Non-operating items contributed net positive 0.5B yen, comprising non-operating income of 1.3B yen and non-operating expenses of 0.9B yen. Interest expense of 0.7B yen comprised the majority of non-operating expenses. The relatively small gap between operating loss of 21.4B yen and ordinary loss of 21.0B yen indicates non-operating factors provided only marginal offset. Income tax expense of 1.4B yen was recorded despite pre-tax loss, potentially due to non-deductible items or different tax jurisdictions, contributing to net loss expansion to 22.4B yen. Comprehensive income showed additional negative 2.2B yen from foreign exchange translation adjustments, bringing total comprehensive loss to 24.6B yen. This represents a revenue down/profit down pattern with both declining top-line and deteriorating bottom-line driven by negative operating leverage and structural cost-revenue imbalance.

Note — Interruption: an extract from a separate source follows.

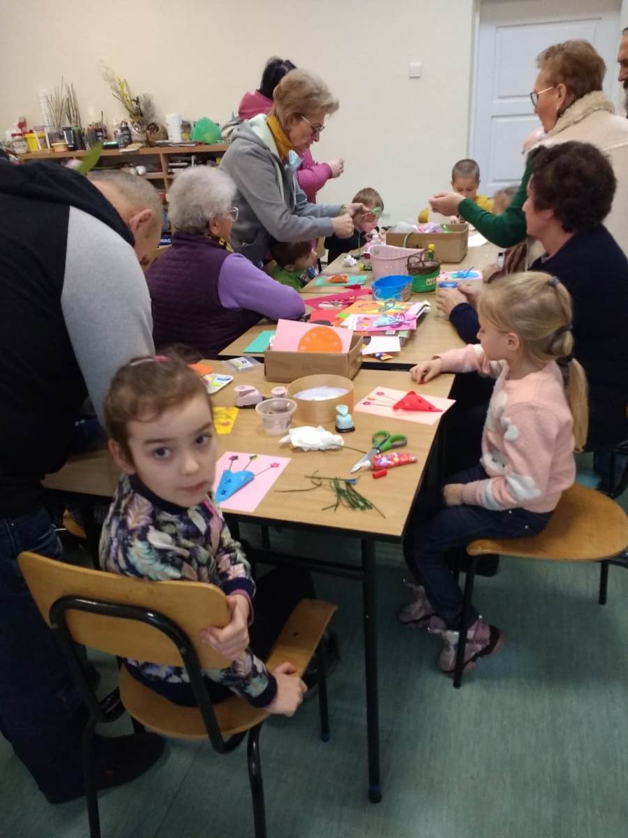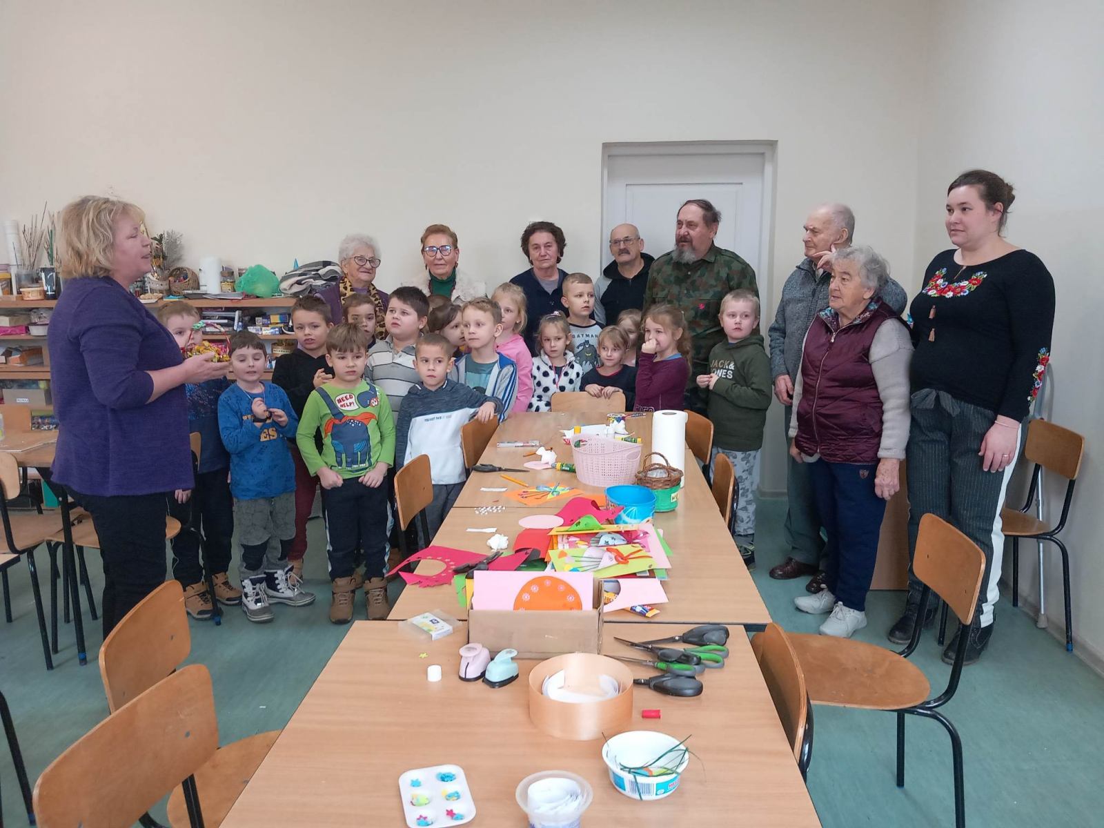 18 stycznia dzieci z grupy „Mądre sowy” Przedszkola Publicznego w Wietrzychowicach wybrały się z wizytą do Klubu Seniora „Radosna Przystań” w Miechowicach Wielkich. Celem spotkania było uczestnictwo przedszkolaków w zajęciach plastycznych. Dzieci pod kierunkiem seniorów wykonały piękne laurki dla swoich babć i dziadków z okazji zbliżającego się ich święta. To niezwykle przyjemne, a zarazem pożyteczne spotkanie zakończyło się wspólną fotografią i słodkim poczęstunkiem.

The company operates through two reporting segments: Domestic and Global. Domestic segment generated revenue of 0.88B yen with operating loss of 8.2B yen, representing an operating margin of -93.4%. Global segment, which represents the core business with 96.7% revenue share, recorded revenue of 25.67B yen with operating loss of 13.3B yen and operating margin of -51.9%. Both segments operate at deeply negative margins, with domestic segment showing particularly severe loss ratio exceeding revenue. The global segment's loss widened substantially from prior year when segment operating loss was 4.4B yen on revenue of 35.4B yen. The deterioration in global segment profitability from approximately -12.4% margin to -51.9% margin represents a critical inflection point, suggesting either pricing pressure, cost structure misalignment, or delayed revenue recognition against incurred costs. Total segment loss before adjustments amounted to 21.6B yen, reconciling to consolidated operating loss of 21.4B yen after minor inter-segment elimination adjustments of 0.1B yen gain.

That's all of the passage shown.